►
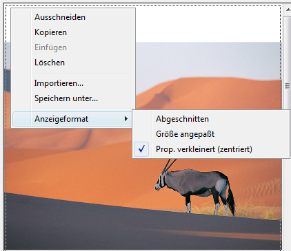 Über dieses Menü können Sie auch das Anzeigeformat des Bildes verändern. Es gibt die Formate Abgeschnitten, Größe angepaßt und Prop. verkleinert (zentriert). Die Änderung der Anzeige ist temporär, sie wird nicht mit dem Datensatz gesichert. Weitere Informationen dazu finden Sie im Abschnitt GET LIST ITEM PARAMETER
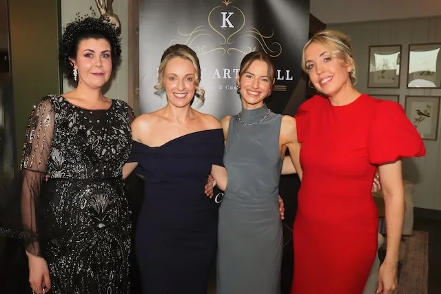 Jennifer Falvey, Alison O’Keeffe, Rachel Durran and Ashley Tobin at the Kerry Arts Ball in Ballyroe Lodge on Saturday night. Photo by Dermot Crean
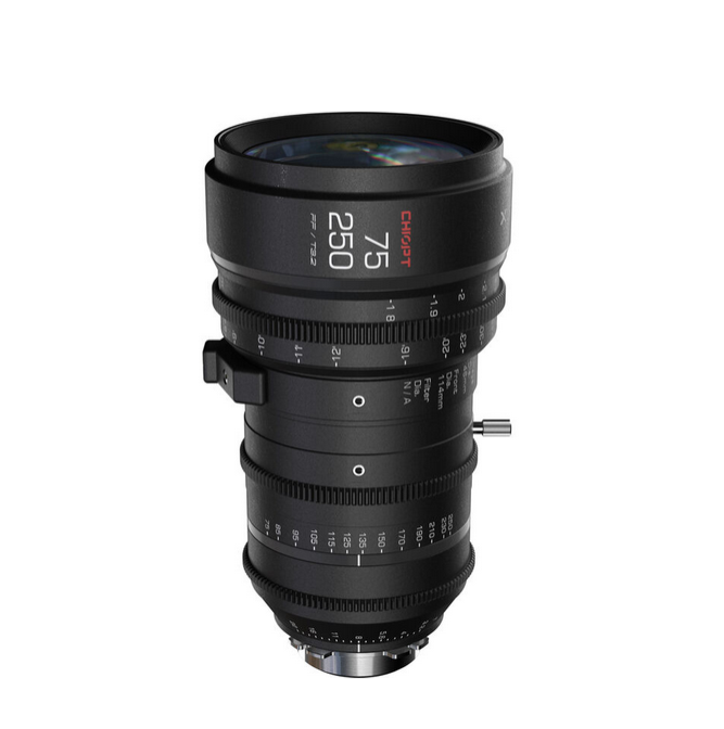 CHIOPT XTREME 75-250mm T3.2 kompaktni zoom objektiv (PL nosač) je telefoto zum objektiv punog formata dizajniran za profesionalno snimanje, koji pruža oštre slike bez izobličenja s konstantnim otvorom blende T3.2, minimalnim "disanjem" i prekrasnim zaobljenim bokeh efektom s 11 lamela. Boja i težina usklađeni su s 28-85mm XTREME zum objektivom, a imaju izmjenjivi PL nosač (EF/E opcija), metalnu konstrukciju otpornu na vremenske uvjete, dvostruke oznake fokusa i kut fokusa od 288° za precizan rad.
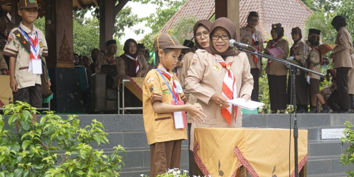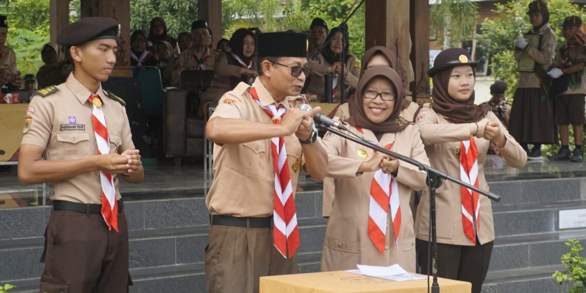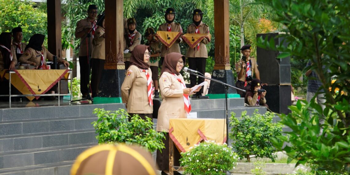 Lebaksiu – Bupati Tegal Umi Azizah bersama Kepala Dinas Kesehatan Hendadi Setiaji memberikan kursus singkat mencuci tangan sesuai standar WHO (World Health Organization), saat memberikan amanat pada upacara pembukaan Pesta Siaga Kwartir Cabang (Kwarcab) Tegal, Sabtu (7/3) di Taman Teknologi Pertanian, Kesuben. Langkah tersebut diperlukan untuk mengajarkan sejak dini, tentang antisipasi mewabahnya Virus Corona. Bukan hanya itu, Umi juga menekankan, pramuka harus menjadi pelopor perilaku hidup sehat untuk pencegahan terhadap penularan penyakit.
◄
To complete the exercise, return the listing above exactly and omit its pictures.

 Über dieses Menü können Sie auch das Anzeigeformat des Bildes verändern. Es gibt die Formate Abgeschnitten, Größe angepaßt und Prop. verkleinert (zentriert). Die Änderung der Anzeige ist temporär, sie wird nicht mit dem Datensatz gesichert. Weitere Informationen dazu finden Sie im Abschnitt GET LIST ITEM PARAMETER
 Jennifer Falvey, Alison O’Keeffe, Rachel Durran and Ashley Tobin at the Kerry Arts Ball in Ballyroe Lodge on Saturday night. Photo by Dermot Crean
 CHIOPT XTREME 75-250mm T3.2 kompaktni zoom objektiv (PL nosač) je telefoto zum objektiv punog formata dizajniran za profesionalno snimanje, koji pruža oštre slike bez izobličenja s konstantnim otvorom blende T3.2, minimalnim "disanjem" i prekrasnim zaobljenim bokeh efektom s 11 lamela. Boja i težina usklađeni su s 28-85mm XTREME zum objektivom, a imaju izmjenjivi PL nosač (EF/E opcija), metalnu konstrukciju otpornu na vremenske uvjete, dvostruke oznake fokusa i kut fokusa od 288° za precizan rad.
 Lebaksiu – Bupati Tegal Umi Azizah bersama Kepala Dinas Kesehatan Hendadi Setiaji memberikan kursus singkat mencuci tangan sesuai standar WHO (World Health Organization), saat memberikan amanat pada upacara pembukaan Pesta Siaga Kwartir Cabang (Kwarcab) Tegal, Sabtu (7/3) di Taman Teknologi Pertanian, Kesuben. Langkah tersebut diperlukan untuk mengajarkan sejak dini, tentang antisipasi mewabahnya Virus Corona. Bukan hanya itu, Umi juga menekankan, pramuka harus menjadi pelopor perilaku hidup sehat untuk pencegahan terhadap penularan penyakit.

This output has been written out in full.